Oftentimes, two or more entrepreneurs will share a similar idea, and if you consider that two heads are always better than one, combining forces in order to get the best results is only logical.
Usually, people opt for a limited partnership, which has slowly become one of the most popular business structures for any entrepreneur working towards a common goal.
We’ll go over what makes a limited partnership tick and what you can do to make yours function as optimally as possible, as well as give you some much-needed tips on how to register your very first one.
Forming a limited partnership is much more complex than it seems at first, and you’ll need some guidance to make sure you’re on the right track.
Keep reading to learn all the things that could help your journey to a limited partnership be much easier to handle.
Compared to an informal partnership, a limited partnership comes with a number of different advantages, including the fact that it’s viewed as a formal legal entity, allowing you to have liability protection, similar to how corporations have it.
Any individual or business can register a partnership, with one of the parties always taking the limited or general partner role, whereas the other takes what’s remaining.
This applies to all business structures in the US, ranging from startups to existing businesses, meaning that an LP is practically only a few steps away for any ambitious entrepreneur looking to make it in today’s market.
The uniqueness of this business classification comes from the fact that it’s split between a limited and a general partner, both of which have their own roles in running the business, each with their own responsibilities and authority over how the business conducts its operations.
What are the differences?
Even though they sound quite similar, a general and a limited partner are worlds apart, and understanding the differences between the two types of parties involved in a limited partnership is key to its success.

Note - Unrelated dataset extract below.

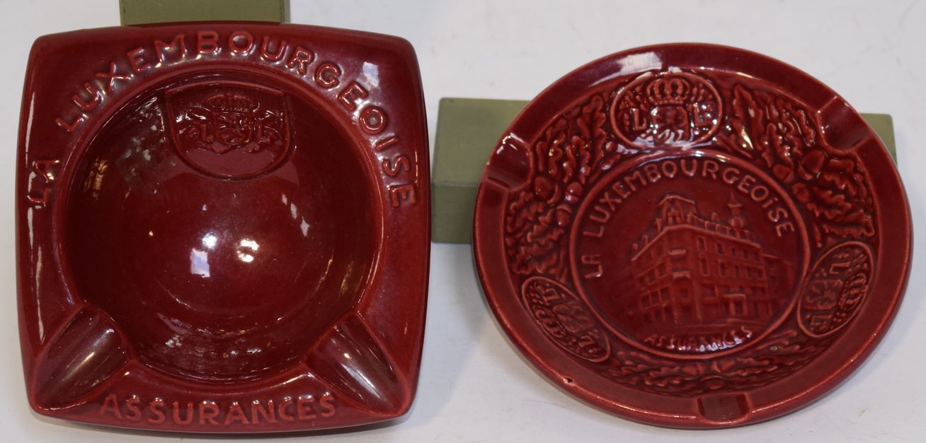Set of 2 advertising ashtrays of Assurrances LA LUXEMBOURGEOISE, one Villeroy & Boch designed by Jean PETERS, the other one of the pottery of Jean PETERS

A limited partner is generally considered to be a passive investor in the business dynamic, contributing to the company’s finances without actually doing much in regard to the daily operations the business conducts.
If you look at it this way, limited partners are only responsible for making sure the company stays afloat, and when business is flourishing, they reap the rewards of their well-timed investment in a certain market.
On the other hand, a general partner has a much more hands-on approach to the partnership itself, and while they can definitely contribute to the business’s capital, their main concern is that everything is running as smoothly as possible.
From creating strategies to leading the workforce in the right direction, a general partner’s role is integral for any small business out there looking to make it big.
At this point, many wonder why one would even register as a partnership, seeing as having more people involved also means your own contributions won’t be as impactful as they would be if you were the sole founder.
However, a lot of the popularity comes from the safety a limited partnership has to offer, as limited partners have their assets protected at all times, meaning that becoming part of an LP is a great way to protect your personal assets from the test of time if you’re already a passive investor.
On top of this, LPs are usually popular among investors looking to turn a quick buck on a promising idea, and due to the safety they offer, they’re an incredible option for anyone in need of a reliable and easy way to generate revenue and an increase in their income.
Finally, registering one is as simple as it gets, and you may find that even though multiple parties are involved, the paperwork is extremely simple, and even record keeping is much less demanding than it would be for a corporation of the same size.
It’s not all sugarcoated
Despite all of this, registering a business with anyone else certainly means that you could eventually be facing a dispute over a number of things, although the most common one is over the poor decisions one of the involved parties can make.
To help circumvent this, a limited partnership agreement often includes a clause allowing for the assets of one of the parties to be seized if their decision lead to the LP being sued or going into debt.
There’s also the fact that being a limited partner doesn’t exactly make you part of the company, and while you’re definitely respected as an investor, your opinions will do little in terms of making changes in the company.
In fact, you may only be consulted on the large decisions that could affect the overall operations of the business, whereas the rest may just slip past you with ease.